On a 32-bit Pentium 4 HT 2.4Ghz box, I get this:
1,000,000 hash keys took 0.531496 seconds
1,000,000 scores took 1.044043 seconds
Nothing special about the compile flags:
CFLAGS = -O3 -Wall -pedantic -std=c99
The binary is
ELF 32-bit LSB executable, Intel 80386, version 1 (SYSV), for GNU/Linux 2.6.9, dynamically linked (uses shared libs), for GNU/Linux 2.6.9, not stripped
running on
Linux 2.6.18-164.6.1.el5 #1 SMP Tue Nov 3 16:18:27 EST 2009 i686 i686 i386 GNU/Linux
Now I took the code over to a 64-bit x86_64 box, and recompiled it:
ELF 64-bit LSB executable, AMD x86-64, version 1 (SYSV), for GNU/Linux 2.4.0, dynamically linked (uses shared libs), not stripped
Slightly different version of the OS but pretty similar:
Linux 2.6.9-89.0.18.ELsmp #1 SMP Tue Dec 15 14:10:51 EST 2009 x86_64 x86_64 x86_64 GNU/Linux
The box is a 3.0Ghz Pentium 4 HT and is generally newer than the 32-bit box.

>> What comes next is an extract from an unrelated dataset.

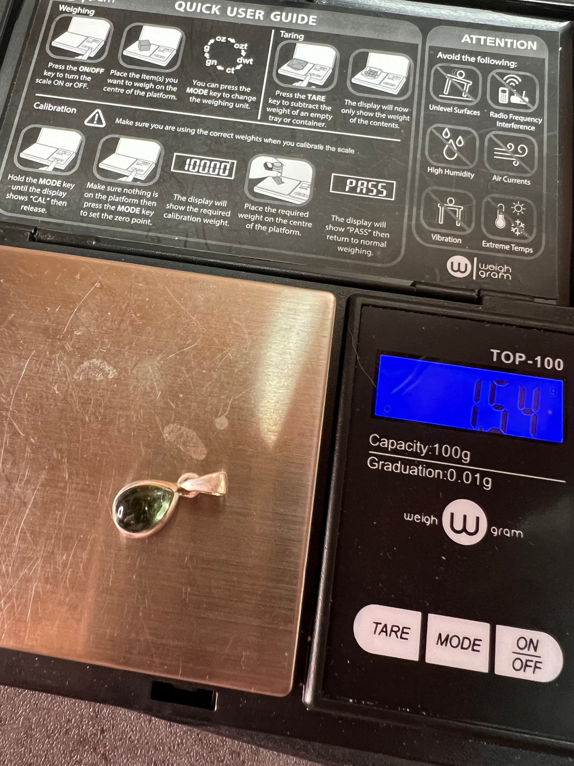 NEW Green tourmaline sterling silver pendant 1.54 grams

The code, however, runs 2.5 times slower:
1,000,000 hash keys took 1.435741 seconds
1,000,000 scores took 2.142182 seconds
I'd thought the 64-bit processor would make a difference...the other way
The only code change I played with was the typedef for the bitboard (same typedef for the hash key):
On 32-bit:
typedef unsigned long long int BITBOARD;
On 64-bit, I tried both "unsigned long long" and "unsigned long" but the number did not change.
Now, I realize code doesn't magically run faster just because you recompile it to 64-bits - I've certainly experienced that in my professional life.
But in the case of chess engines, I would think the benefits of 64-bit would be great: slinging 64-bit bitboards around natively, more CPU registers, etc.
So, I'm a little confused...
I can work up a publishable example if someone wants to see the specific code. It's all single-threaded at this point, btw.